Yogyakarta meninggalkan banyak kenangan untuk Dewi yang mendadak jadi suka aksara Jawa karena melihat banyak tempat menggunakan tulisan ini di papan nama. Yang akhirnya membuat dia mengulik banyak tempat sejarah di sana, hingga menjadi sangat tertarik dengan kerajaan bernama Majapahit. Salah satu kerajaan terbesar di Indonesia yang wilayah kekuasannya kemudian diperkirakan hampir ke seluruh wilayah Asia Tenggara.

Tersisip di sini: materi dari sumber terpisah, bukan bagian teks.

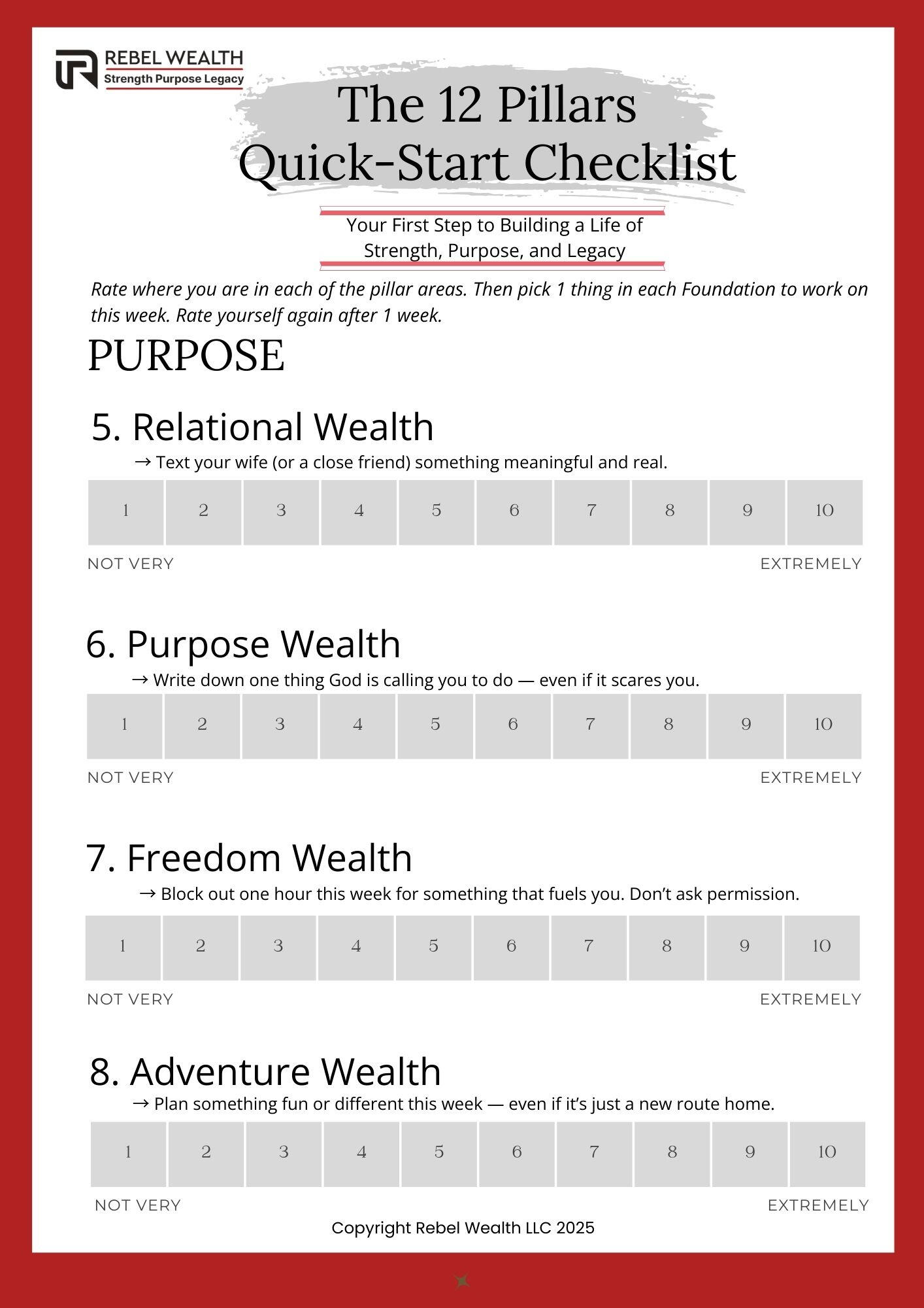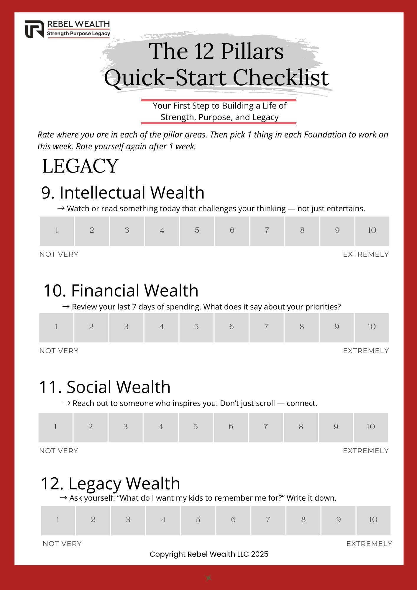 Before you can build, you need to know your foundation. The 12 Pillars Self-Assessment is a simple but eye-opening tool that helps you measure where you stand today in the foundations of Strength, Purpose, and Legacy.Most men drift through life without clarity. They don’t see the cracks in their foundation until it’s too late. This assessment changes that. In just a few minutes, you’ll uncover:Where you’re strong.Where you’re struggling.When you know the truth about where you are, you gain the power to build where it matters most.
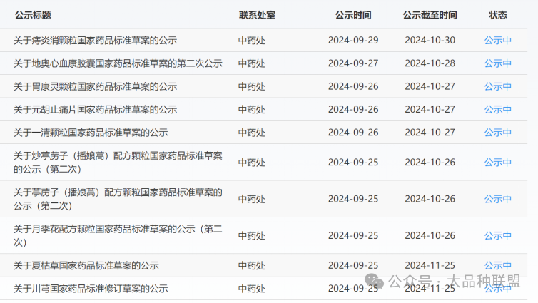 2024年9月29-30日,國家藥典委公示了19個中藥標(biāo)準(zhǔn)草案:黃連、艾葉、川芎、延胡索(元胡)、棕櫚、益智、柏子仁、大豆黃卷、北沙參、黃芩、防風(fēng)、白屈菜、天然冰片(右旋龍腦),冰片(合成龍腦),艾片(左旋龍腦);古漢養(yǎng)生精顆粒、古漢養(yǎng)生精口服液、古漢養(yǎng)生精片、心可舒片、消腫止痛酊。
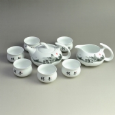 [团购]德化羊脂玉瓷茶具八件套:富春山居图
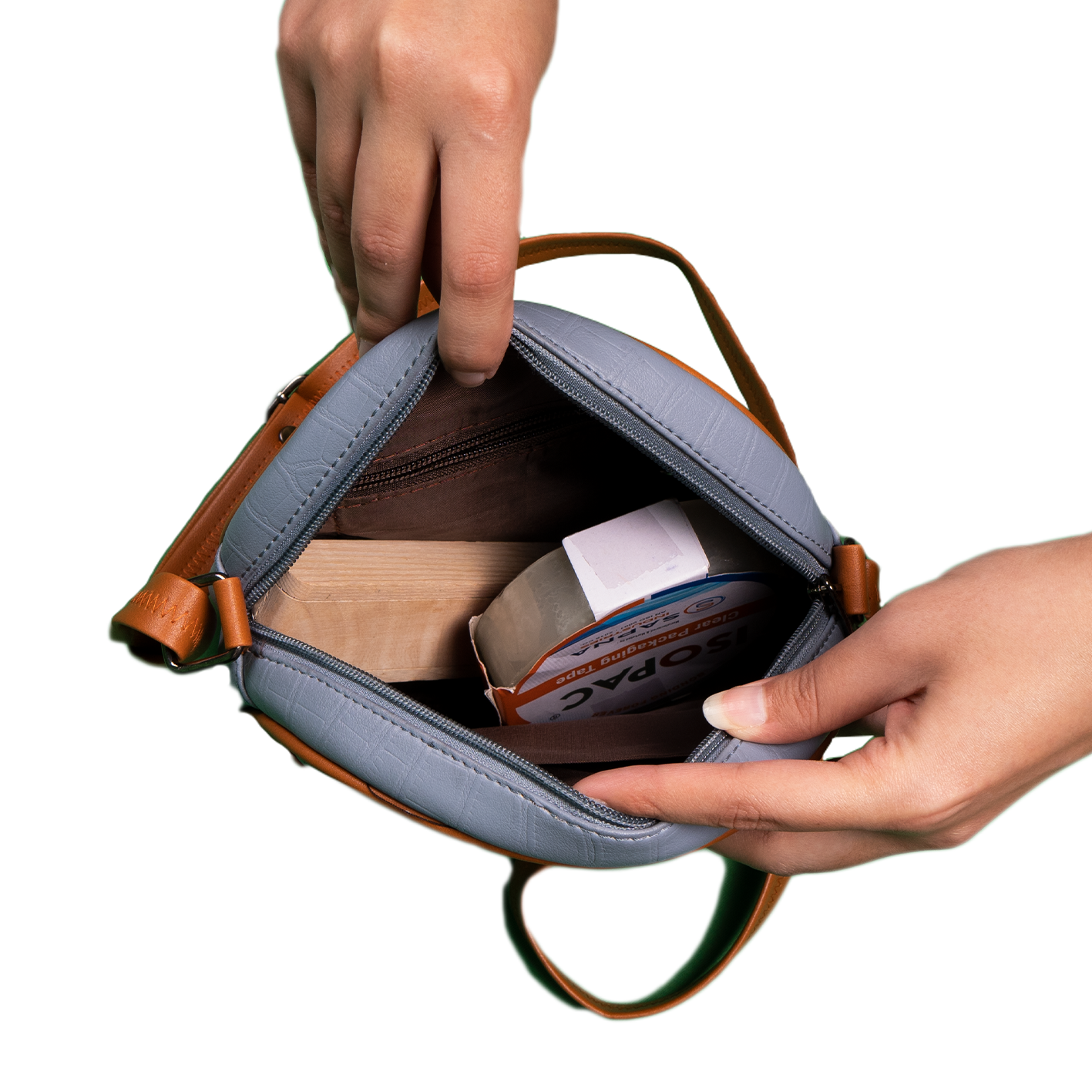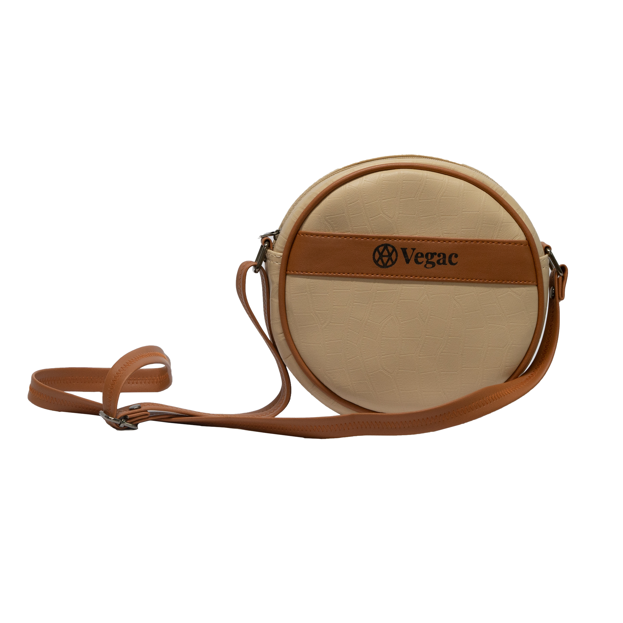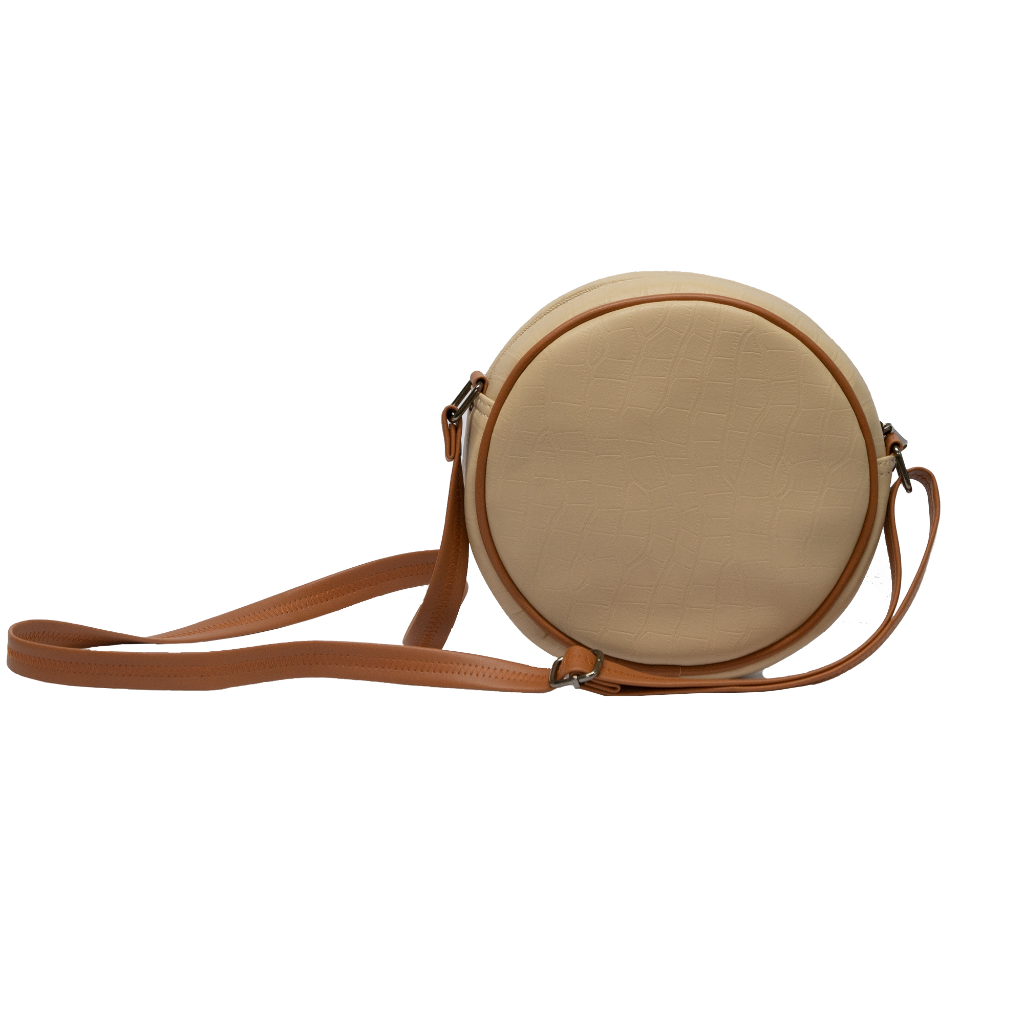 Get more of what you love with this Beige croc self designed round sling bag made from vegan leather and highlighted with tan strip With handy pockets and a comfortable strap, it’s perfect for carrying all your essentials.Wear it the way you want: Shoulder or crossbody

Ardiman memiliki 3 anak, dan Dewi adalah yang paling terarik dengan apa yang dia lakukan. Kedua anaknya yang lain, Argani anak pertamanya menjadi polisi dan anak keduanya yang bernama Adhinatha menjadi dokter kandungan. Tidak ada pemaksaan dalam memilih cita-cita karena baginya dan sang istri, mimpi anaknya adalah yang terpenting.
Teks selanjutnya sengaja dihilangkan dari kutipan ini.